→ **WHAT IS REQUIRED**:
Which lines below contain the word "with"? Copy each of them.

→ **Stored data**:
▶
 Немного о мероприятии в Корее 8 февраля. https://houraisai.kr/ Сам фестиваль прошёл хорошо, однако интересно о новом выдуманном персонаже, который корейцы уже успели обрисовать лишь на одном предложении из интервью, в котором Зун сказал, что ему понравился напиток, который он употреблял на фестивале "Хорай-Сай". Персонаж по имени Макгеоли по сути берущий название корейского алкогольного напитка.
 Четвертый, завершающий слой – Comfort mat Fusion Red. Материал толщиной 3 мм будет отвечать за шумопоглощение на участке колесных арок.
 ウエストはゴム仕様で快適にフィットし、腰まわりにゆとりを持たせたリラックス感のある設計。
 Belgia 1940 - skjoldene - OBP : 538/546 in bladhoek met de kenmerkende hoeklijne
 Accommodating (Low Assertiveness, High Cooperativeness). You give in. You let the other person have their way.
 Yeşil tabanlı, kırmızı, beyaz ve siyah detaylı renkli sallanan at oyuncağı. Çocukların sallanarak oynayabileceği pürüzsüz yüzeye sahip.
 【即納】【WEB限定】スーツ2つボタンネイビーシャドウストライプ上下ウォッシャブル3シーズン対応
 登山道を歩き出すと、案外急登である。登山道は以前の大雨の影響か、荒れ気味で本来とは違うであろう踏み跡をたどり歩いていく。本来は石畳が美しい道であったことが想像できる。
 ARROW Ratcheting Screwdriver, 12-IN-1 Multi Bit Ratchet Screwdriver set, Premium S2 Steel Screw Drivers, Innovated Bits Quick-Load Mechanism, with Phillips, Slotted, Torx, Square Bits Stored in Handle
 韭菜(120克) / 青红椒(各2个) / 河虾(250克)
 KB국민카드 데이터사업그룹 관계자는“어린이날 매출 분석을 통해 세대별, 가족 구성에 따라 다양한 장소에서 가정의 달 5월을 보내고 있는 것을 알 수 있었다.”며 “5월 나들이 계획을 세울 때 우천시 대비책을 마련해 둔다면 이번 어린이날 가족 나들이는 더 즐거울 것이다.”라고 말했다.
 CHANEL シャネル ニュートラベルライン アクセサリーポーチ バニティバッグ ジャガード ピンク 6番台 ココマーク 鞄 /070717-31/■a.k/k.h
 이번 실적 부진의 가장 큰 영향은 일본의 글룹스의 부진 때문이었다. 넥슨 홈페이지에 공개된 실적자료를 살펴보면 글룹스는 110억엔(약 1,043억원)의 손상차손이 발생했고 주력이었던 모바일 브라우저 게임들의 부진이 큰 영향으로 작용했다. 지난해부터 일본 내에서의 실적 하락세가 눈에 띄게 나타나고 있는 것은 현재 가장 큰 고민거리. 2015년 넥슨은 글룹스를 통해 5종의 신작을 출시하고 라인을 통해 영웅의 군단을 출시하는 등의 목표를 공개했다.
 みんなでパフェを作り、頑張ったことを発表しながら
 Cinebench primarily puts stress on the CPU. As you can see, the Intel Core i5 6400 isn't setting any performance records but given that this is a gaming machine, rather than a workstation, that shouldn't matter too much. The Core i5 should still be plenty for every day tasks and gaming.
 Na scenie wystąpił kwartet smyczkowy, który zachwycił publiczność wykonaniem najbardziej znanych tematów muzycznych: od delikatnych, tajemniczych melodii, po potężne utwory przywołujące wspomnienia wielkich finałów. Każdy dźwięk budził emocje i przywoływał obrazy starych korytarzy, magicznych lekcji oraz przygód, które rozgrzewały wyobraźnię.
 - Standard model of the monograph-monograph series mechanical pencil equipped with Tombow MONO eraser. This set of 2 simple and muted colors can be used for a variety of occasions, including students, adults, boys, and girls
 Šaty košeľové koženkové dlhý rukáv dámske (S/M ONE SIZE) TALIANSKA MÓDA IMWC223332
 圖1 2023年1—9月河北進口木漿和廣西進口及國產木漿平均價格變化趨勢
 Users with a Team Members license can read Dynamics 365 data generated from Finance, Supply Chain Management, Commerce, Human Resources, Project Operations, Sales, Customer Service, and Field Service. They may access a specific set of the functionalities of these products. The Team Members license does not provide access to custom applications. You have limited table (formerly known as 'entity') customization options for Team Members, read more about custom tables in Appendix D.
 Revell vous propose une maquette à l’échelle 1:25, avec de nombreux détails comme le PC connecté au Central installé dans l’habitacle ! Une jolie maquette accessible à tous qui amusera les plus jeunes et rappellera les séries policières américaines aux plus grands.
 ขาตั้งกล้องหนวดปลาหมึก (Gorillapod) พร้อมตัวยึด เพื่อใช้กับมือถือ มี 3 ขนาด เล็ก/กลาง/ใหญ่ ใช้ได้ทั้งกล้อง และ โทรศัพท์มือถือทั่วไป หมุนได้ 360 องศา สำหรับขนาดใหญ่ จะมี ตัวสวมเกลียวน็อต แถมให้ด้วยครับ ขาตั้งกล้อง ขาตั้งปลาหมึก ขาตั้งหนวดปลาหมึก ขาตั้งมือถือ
◀
→ **RESPONSE TO THE EXERCISE**:
 ARROW Ratcheting Screwdriver, 12-IN-1 Multi Bit Ratchet Screwdriver set, Premium S2 Steel Screw Drivers, Innovated Bits Quick-Load Mechanism, with Phillips, Slotted, Torx, Square Bits Stored in Handle
 - Standard model of the monograph-monograph series mechanical pencil equipped with Tombow MONO eraser. This set of 2 simple and muted colors can be used for a variety of occasions, including students, adults, boys, and girls
 Users with a Team Members license can read Dynamics 365 data generated from Finance, Supply Chain Management, Commerce, Human Resources, Project Operations, Sales, Customer Service, and Field Service. They may access a specific set of the functionalities of these products. The Team Members license does not provide access to custom applications. You have limited table (formerly known as 'entity') customization options for Team Members, read more about custom tables in Appendix D.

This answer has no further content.